Algorithmic trading is a method of executing orders in financial markets that are carried out according to pre-programmed parameters (scheme, algorithm) with the use of trading robots.
In 1998, the United States Securities and Exchange Commission (SEC) approved trading using trading robots, causing the beginning of global trading automation. With the emergence of new and improved technologies, algorithms became more complex as well.
In the early 2000s, more than 10% of operations were executed using trading robots, while executing a transaction took 1-2 seconds. In the late 2000s, the number of transactions reached 60%, and the execution time shortened to milliseconds.
In 2007, trading robots made based on robot arbitrators became widespread. Companies started to offer ready-made trading robots or develop an individual bot for clients here and there. That is, the ready-made solution to buy (order) and trade.
However, even though robots could perform many various functions (for example, control the balance of funds in an account, track the execution of orders), they could not do without humans. Developers actively solved this problem throughout 2008. In the end, they created a fully autonomous machine capable of making trading decisions according to a given algorithm on its own. But its effectiveness left much to be desired, so they began to complicate it, adding various functions.
According to the statistics, in 2012, the number of transactions executed by trading robots fell by about 10% – to 50%. It happened because robots made too many errors.
However, nowadays, algorithmic trading has reached a new level due to artificial intelligence and machine learning. Algorithms improve on their own and become smarter after each new transaction. AI analyzes the market situation and understands when it is better to open and when it is better to close a particular position.
AI Autotrade control panel (a Full Self Trade System) – see at the top of the pic.
Trading bots are based on the Thinking Fast and Slow principle, developed by Nobel laureate Daniel Kahneman. AI Autotrade robots take episodic memory from historical market data and then apply slow learning on Causal AI graph models on a small selective experience.
As you can see on the dashboard, the program takes shots of prices for a certain period, analyzes indicators to evaluate risk and probability. Once the data is analyzed, a trading robot can navigate between spot and futures account, cryptocurrency and stock market almost instantly, using the Martingale strategy. It allows choosing the most suitable option at the moment and trade more often taking less risk.
Evolution of AI models
Over the past decades, systematic and quantitative investment reached the top. However, traders faced challenges as they don`t catch up with the rapidly changing environment.
To some extent, automated trading can be compared to an autopilot system for vehicles: in both cases, algorithms must make critical decisions in the shortest possible time, and it takes place amidst a massive data flow, deep understanding of the environment, and fast learning.

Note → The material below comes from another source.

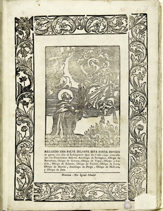 Bona part del fons de matrius i estampes dels Abadal es conserva a la Unitat Gràfica de la Biblioteca de Catalunya, que el va adquirir el 1924, mostra de l’interès que tenia per les matrius de gravat la institució des de ben aviat. Dins aquest fons han arribat fins a nosaltres tres matrius del segle xvi, reaprofitades posteriorment al seu dors -gràcies a això se salvaren-, que constitueixen raríssims exemples de planxes d’Incunables, és a dir matrius de pàgines de text en lletra gòtica, gravades en un sol bloc de fusta: es tracta de dues planes de beceroles i una de preceptes de l’Església catòlica.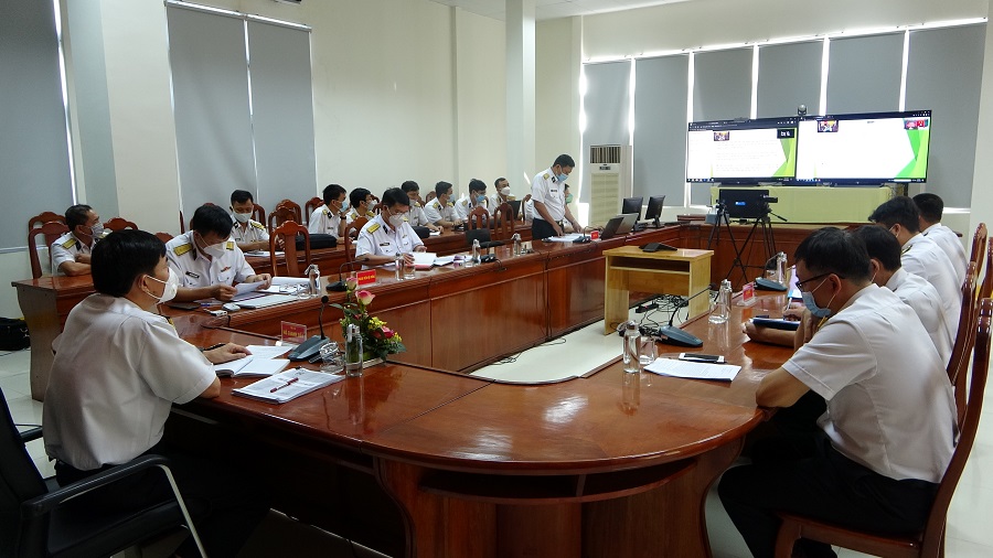 Buổi đánh giá, nghiệm thu đề tài, sáng kiến khoa học được tổ chức trực tuyến đầu cầu Hà Nội và điểm cầu Học viện Hải quân. Thiếu tướng, TS Trần Ngọc Thanh, Phó Cục trưởng Cục Nhà trường, Bộ Tổng Tham mưu làm Chủ tịch Hội đồng. Tham dự có đại diện các phòng, khoa có đề tài khoa học.

Regarding autopilot, it consists of two components: the navigation map and the driving skills. The same thing with algorithmic trading – it also consists of two parts: fundamental and technical analysis. The first is necessary to analyze the price direction, and the second is to make real-time decisions.
AI Autotrade Technology
AI Autotrade is engaged in both classical trading and artificial intelligence research. The development team is working on creating completely automated trading robots that anyone can use to trade.
The company combines deep researched price action indicators with deep reasoning AI models of next-generation. Learning models have four critical components:
- sensors (live price action)
- perception (a living environment)
- planning (master key and graph AI)
- control (calibration models).
Machine learning has been programmed to follow the example of human perception and knowledge of the surrounding world. Also, the company’s trading bots can be improved while studying the historical market behavior. But, perhaps the most important thing is that the program can explain why it made this or that choice.
The development team regularly conducts rigorous crash tests throwing algorithms into the most challenging and unstable conditions. As we said above, robots can trade different assets in many markets: cryptocurrencies, stocks, fiat currencies, etc.
First such Trading Platform RegalX
RegalX is the new unique platform for fully automated trading. Here you
can trade and analyze historical data at the same time. It became possible thanks to the latest developments in artificial intelligence and the high bandwidth of the cloud.
The Regal Assets company
Regal Assets (behind RegalX) is ranked 20th among the 500 fastest-growing companies in the United States of America, according to Inc 500 magazine.
Regal Assets was voted the #1 Gold IRA provider for 2012, 2013, and 2014, awarded by The Consumers Choice Awards. It also won the International Bullion Dealer of the Year award from 2018 to 2020.
The company stores 1 billion us dollars of gold for its clients. In addition, the company’s CEO and CMO are members of the Forbes Council.
Besides, Regal Assets was the first company in the Middle East to obtain an official cryptocurrency trading license. Also, Coinbase (one of the largest exchanges) is one of Regal Assets partners.
Electronic commerce on world exchanges caused the development of the Internet and computing power. It led to the development of new data processing and decision-making methods, increasing the volume and complexity of financial transactions.
The Internet gave us a unique opportunity in the field of stock trading called a trading robot. Automated trading in financial instruments on exchanges has been developing rapidly over the past twenty years.
It won’t be very long before platforms like RegalX are entirely commonplace, and short-term manual trading disappears at all.